Latest preprint reviews

1. Intracellular Helix-Loop-Helix Domain Modulates Inactivation Kinetics of Mammalian TRPV5 and TRPV6 Channels

   This article has 5 authors:

   1. Lisandra Flores-Aldama
   2. Daniel Bustos
   3. Deny Cabezas-Bratesco
   4. Wendy Gonzalez
   5. Sebastian E. Brauchi

   This article has been curated by 1 group:

   • Curated by Biophysics Colab

     Evaluation statement (1 September 2023)

     Flores-Aldama and colleagues set out to identify molecular determinants of fast inactivation in the TRPV6 ion channel, a mechanism not observed in the closely related TRPV5 channel. The work focuses on a helix-loop-helix (HLH) motif, located at the interface between several important regions for channel gating. Using molecular dynamics simulations and analysis of mutations, the authors identify pairs of amino acid residues in a structural triad formed by the HLH, S2-S3 linker, and transmembrane domains, which show different conformations in the available TRPV5 and TRPV6 cryo-EM structures. An important aspect of the study is that some of the structural hypotheses were derived from an evolutionary analysis of sequences from orthologues of both channels, demonstrating the value of this type of analysis.
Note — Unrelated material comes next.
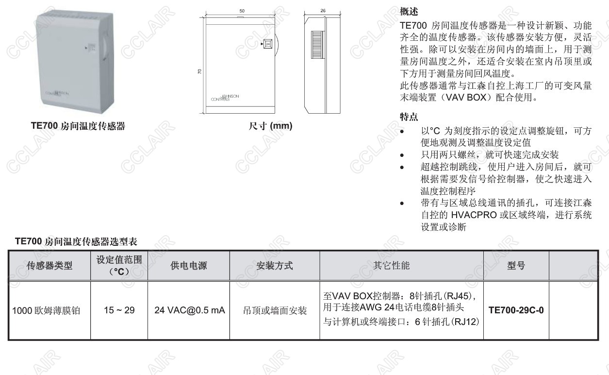 詳細(xì)信息 TE700-29C-0,TE700,Metastat房間溫度傳感器

     Biophysics Colab considers this to be a convincing study and recommends it to scientists interested in the molecular determinants of ion channel gating.

     (This evaluation by Biophysics Colab refers to the version of record for this work, which is linked to and has been revised from the original preprint following peer review.)

   Reviewed by Biophysics Colab

2. Structures and membrane interactions of native serotonin transporter in complexes with psychostimulants

   This article has 4 authors:

   1. Dongxue Yang
   2. Zhiyu Zhao
   3. Emad Tajkhorshid
   4. Eric Gouaux

   This article has been curated by 1 group:

   • Curated by Biophysics Colab

     Evaluation statement (24 May 2023)

     Yang et al. present valuable information about ligand interactions with the serotonin transporter SERT, innovatively purified from pig brain using Fab fragments. The approach of using natively expressed SERT is notable for its potential insight into binding of endogenous membrane components such as lipids. Data distinguishing binding of the psychostimulants methamphetamine and cocaine add to our knowledge of substrate and inhibitor interactions with SERT and allow direct comparison with the closely related dopamine transporter DAT. The authors carefully state the limitations of their findings, including the possibility that the monomeric transporter stable in detergent micelles might exist in a multimeric state in native membranes.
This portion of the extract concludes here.